YOUR ASSIGNMENT = The answer must consist solely of the lines below starting at the one containing "会议最后,本科生党支部书记任" and ending at the one containing "을 포함하여 채권 전액에", repeated exactly, with both ends included and all pictures omitted.

DATASET RECORDS =
'''

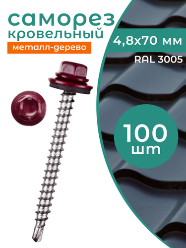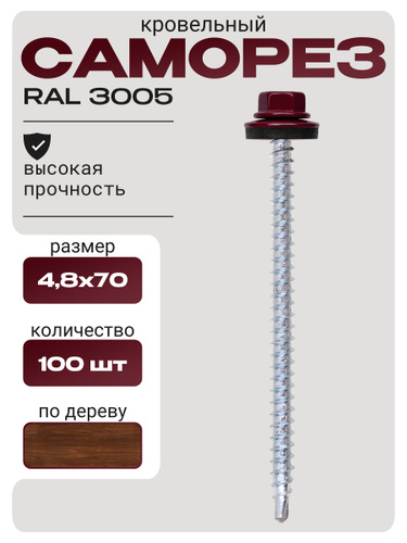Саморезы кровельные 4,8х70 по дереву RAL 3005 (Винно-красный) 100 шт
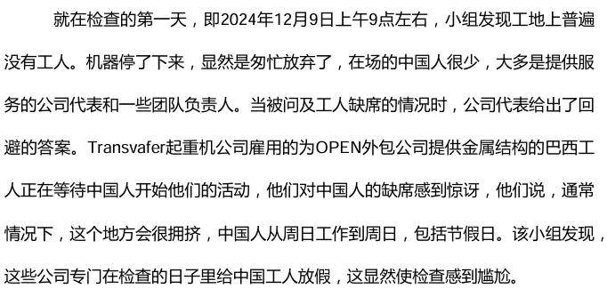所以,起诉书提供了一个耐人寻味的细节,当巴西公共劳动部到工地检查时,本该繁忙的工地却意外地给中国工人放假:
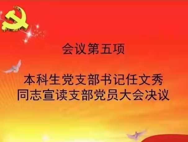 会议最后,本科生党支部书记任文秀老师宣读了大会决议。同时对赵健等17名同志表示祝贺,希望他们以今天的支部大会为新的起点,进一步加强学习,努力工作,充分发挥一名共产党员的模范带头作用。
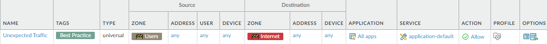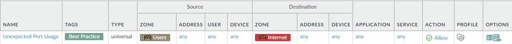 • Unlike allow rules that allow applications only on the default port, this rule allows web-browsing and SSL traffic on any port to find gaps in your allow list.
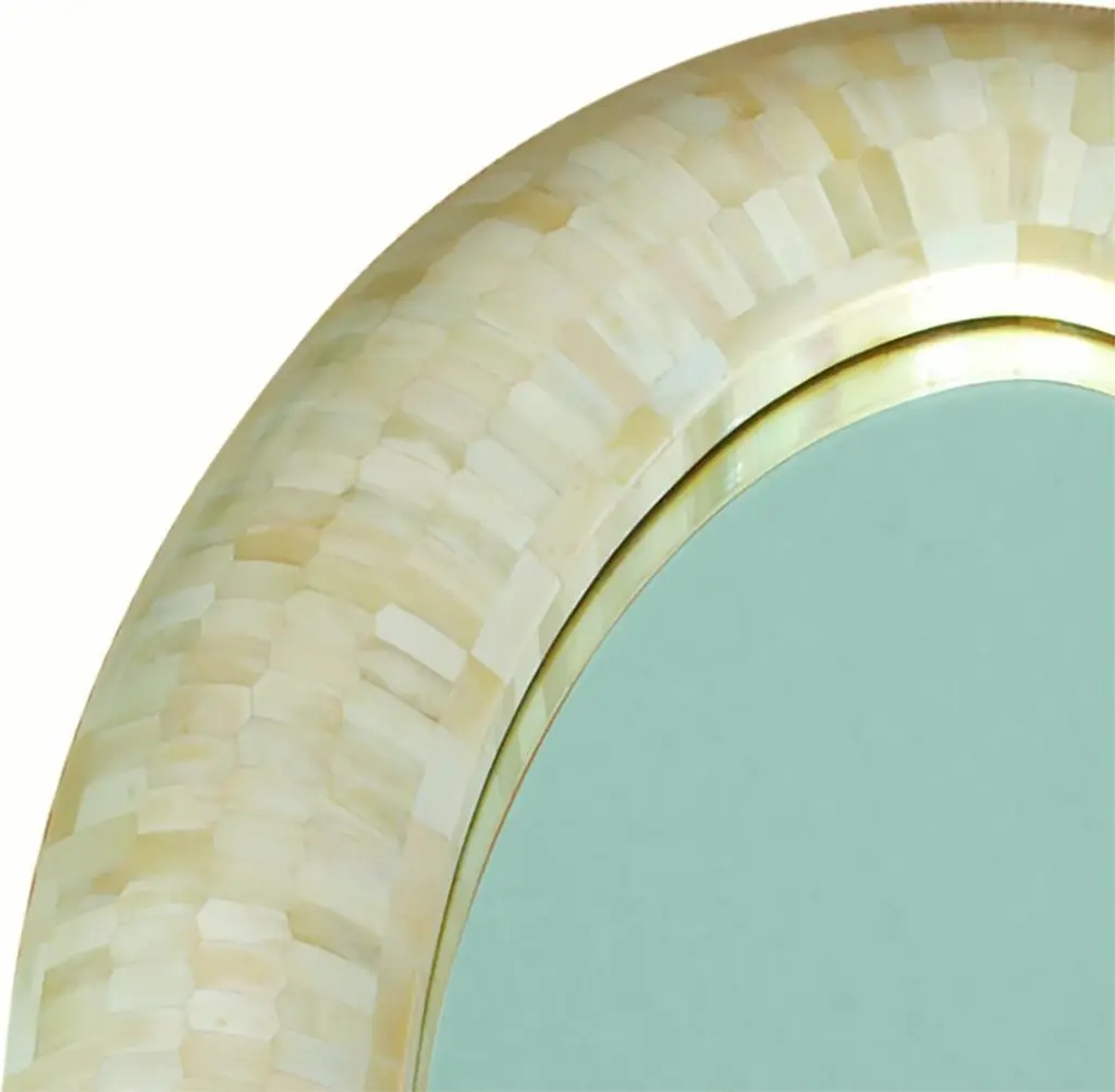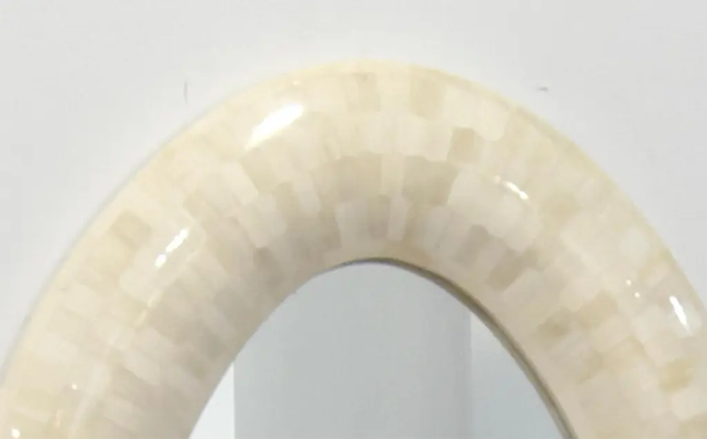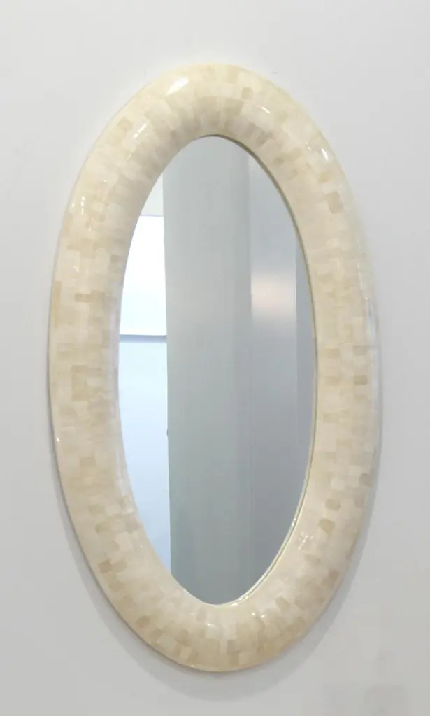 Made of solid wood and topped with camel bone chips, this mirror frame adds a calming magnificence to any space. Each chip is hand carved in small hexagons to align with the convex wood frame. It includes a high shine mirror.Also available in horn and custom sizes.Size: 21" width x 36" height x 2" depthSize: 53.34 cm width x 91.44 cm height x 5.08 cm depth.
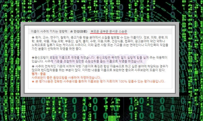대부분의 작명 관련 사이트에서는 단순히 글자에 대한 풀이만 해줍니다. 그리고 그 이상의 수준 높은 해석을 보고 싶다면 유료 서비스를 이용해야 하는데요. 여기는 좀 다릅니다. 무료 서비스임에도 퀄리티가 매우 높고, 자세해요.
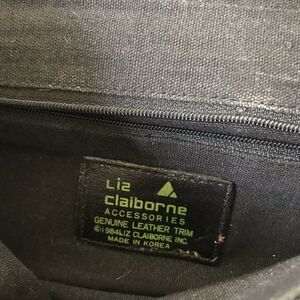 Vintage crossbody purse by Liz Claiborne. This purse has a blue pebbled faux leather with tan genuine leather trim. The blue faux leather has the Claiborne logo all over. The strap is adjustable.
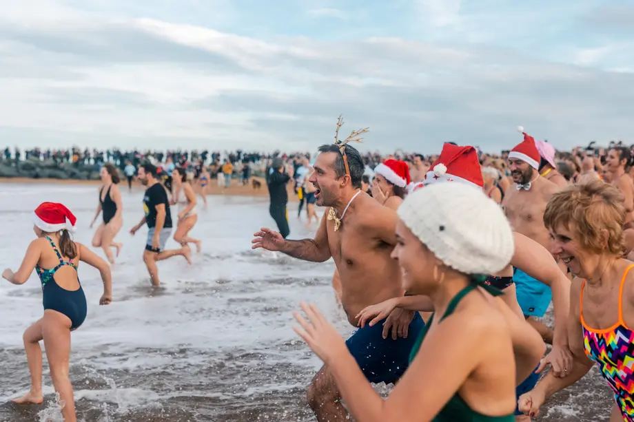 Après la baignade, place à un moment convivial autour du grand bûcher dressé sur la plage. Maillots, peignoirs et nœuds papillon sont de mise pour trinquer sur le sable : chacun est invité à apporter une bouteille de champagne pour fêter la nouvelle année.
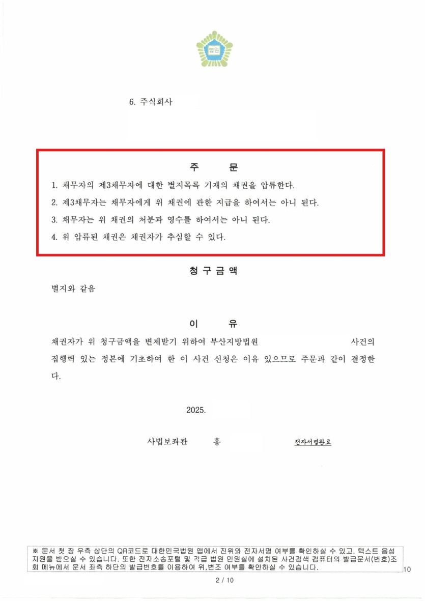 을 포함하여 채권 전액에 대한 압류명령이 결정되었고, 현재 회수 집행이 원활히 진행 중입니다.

'''
'''

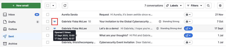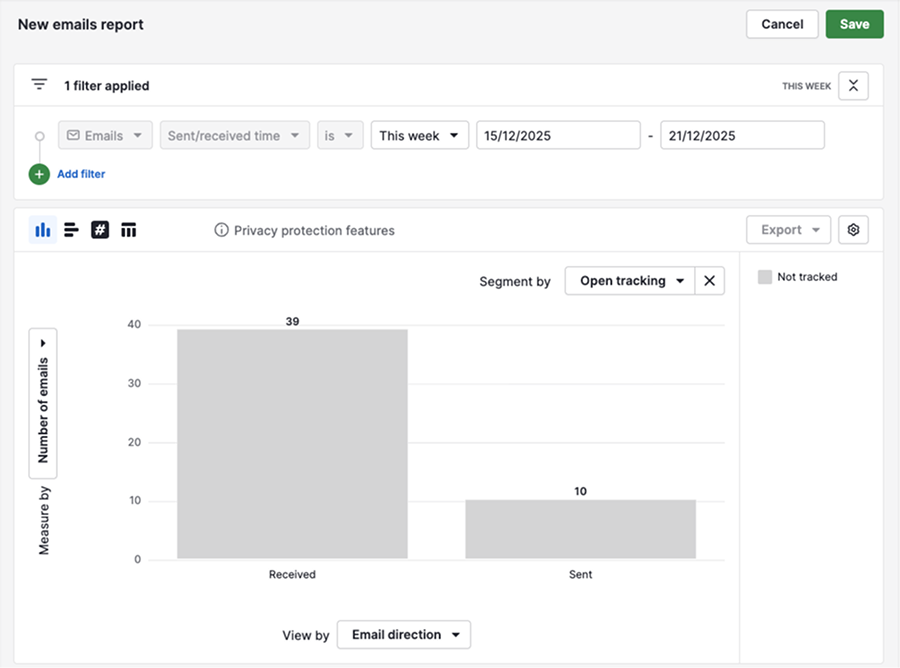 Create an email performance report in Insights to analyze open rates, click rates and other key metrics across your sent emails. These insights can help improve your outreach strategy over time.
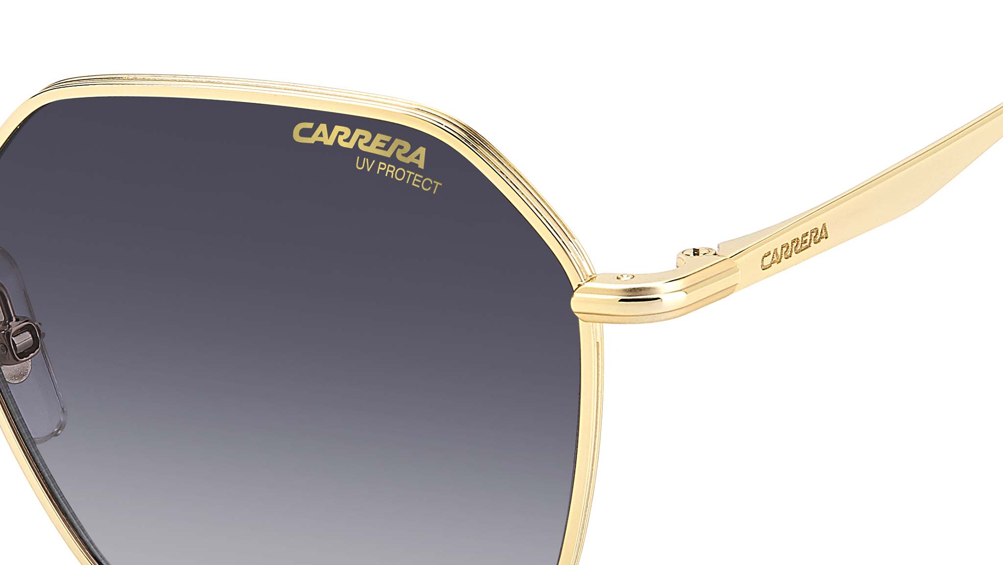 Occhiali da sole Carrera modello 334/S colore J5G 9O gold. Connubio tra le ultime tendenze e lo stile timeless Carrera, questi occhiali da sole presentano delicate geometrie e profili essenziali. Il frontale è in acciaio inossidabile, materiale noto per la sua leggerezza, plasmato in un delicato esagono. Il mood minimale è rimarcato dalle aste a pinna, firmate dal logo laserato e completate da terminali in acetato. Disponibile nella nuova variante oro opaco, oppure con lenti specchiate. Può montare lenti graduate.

'''
'''

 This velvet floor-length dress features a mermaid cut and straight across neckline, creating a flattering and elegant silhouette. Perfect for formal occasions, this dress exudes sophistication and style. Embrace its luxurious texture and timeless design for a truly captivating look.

'''

RESPONSE FOR THIS EXERCISE =
 会议最后,本科生党支部书记任文秀老师宣读了大会决议。同时对赵健等17名同志表示祝贺,希望他们以今天的支部大会为新的起点,进一步加强学习,努力工作,充分发挥一名共产党员的模范带头作用。
 • Unlike allow rules that allow applications only on the default port, this rule allows web-browsing and SSL traffic on any port to find gaps in your allow list.
 Made of solid wood and topped with camel bone chips, this mirror frame adds a calming magnificence to any space. Each chip is hand carved in small hexagons to align with the convex wood frame. It includes a high shine mirror.Also available in horn and custom sizes.Size: 21" width x 36" height x 2" depthSize: 53.34 cm width x 91.44 cm height x 5.08 cm depth.
대부분의 작명 관련 사이트에서는 단순히 글자에 대한 풀이만 해줍니다. 그리고 그 이상의 수준 높은 해석을 보고 싶다면 유료 서비스를 이용해야 하는데요. 여기는 좀 다릅니다. 무료 서비스임에도 퀄리티가 매우 높고, 자세해요.
 Vintage crossbody purse by Liz Claiborne. This purse has a blue pebbled faux leather with tan genuine leather trim. The blue faux leather has the Claiborne logo all over. The strap is adjustable.
 Après la baignade, place à un moment convivial autour du grand bûcher dressé sur la plage. Maillots, peignoirs et nœuds papillon sont de mise pour trinquer sur le sable : chacun est invité à apporter une bouteille de champagne pour fêter la nouvelle année.
 을 포함하여 채권 전액에 대한 압류명령이 결정되었고, 현재 회수 집행이 원활히 진행 중입니다.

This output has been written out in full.